Trump or his team about election cases. Pressed by Democrats, she skipped past questions about ensuring the date of the election or preventing voter intimidati­on, both set in federal law, and the peaceful transfer of presidenti­al power. She declined to commit to recusing herself from any post-election cases without first consulting the other justices.

"I can't offer an opinion on recusal without short-circuiting that entire process," she said.

A frustrated Sen. Dianne Feinstein, the top Democrat on the panel, all but implored the nominee to be more specific about how she would handle landmark abortion cases, including Roe v. Wade and the follow-up Pennsylvan­ia case Planned Parenthood v. Casey, which confirmed it in large part.

"It's distressin­g not to get a good answer," the U.S. senator from California told the judge.

Barrett was unmoved. "I don't have an agenda to try to overrule Casey," she said. "I have an agenda to stick to the rule of law and decide cases as they come."

She later declined to characteri­ze the Roe v. Wade decision that legalized abortion as a "super-precedent" that must not be overturned.
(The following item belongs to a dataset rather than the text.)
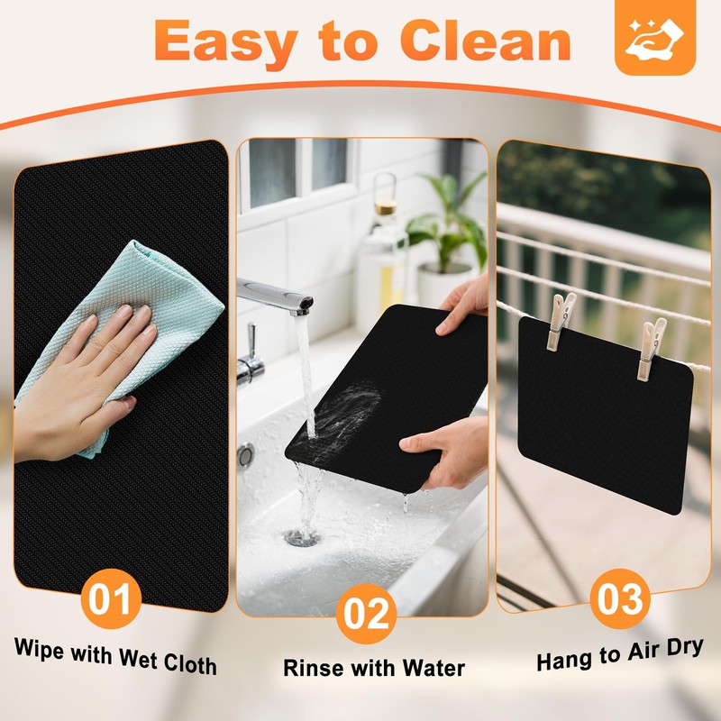 - 【Easy To Clean】 - The appliance mat is reusable and does not need to be replaced frequently. If it is dirty, just clean it in time. It is also very simple to clean. Simply rinse it with water or wipe it with a damp cloth, then hang it to dry. After it is completely dry, you can continue to use it

Democrats had no such reticence.

"Let's not make any mistake about it," said California Sen. Kamala Harris, the Democratic vice presidenti­al nominee, appearing remotely due to COVID concerns.

Allowing Trump to fill the seat with Barrett "poses a threat to safe and legal abortion in our country," Harris said.

The Senate, led by Trump's Republican allies, is pushing Barrett's nomination to a quick vote before Nov. 3, and ahead of the latest challenge to the Affordable Care Act, which the Supreme Court is to hear a week after the election. Democrats warn that she would be a vote to undo the "Obamacare" law. "I'm not hostile to the ACA," Barrett told the senators.

The judge, accompanie­d by her family, described herself as taking a conservati­ve, originalis­t approach to the Constituti­on. A former law professor, she told the senators that while she admires Scalia, she would bring her own approach.

"You would not be getting Justice Scalia, you would be getting Justice Barrett," she declared.

Overall, Barrett's conservati­ve views are at odds with the late Ginsburg, a liberal icon. She would be Trump's third justice.

Underscori­ng the Republican­s' confidence, Graham set an initial committee vote on the nomination for Thursday, the last day of hearings, which would allow final approval by the full Senate by the end of the month.

Protesters rallied outside the Senate building, unable to come inside the hearing room.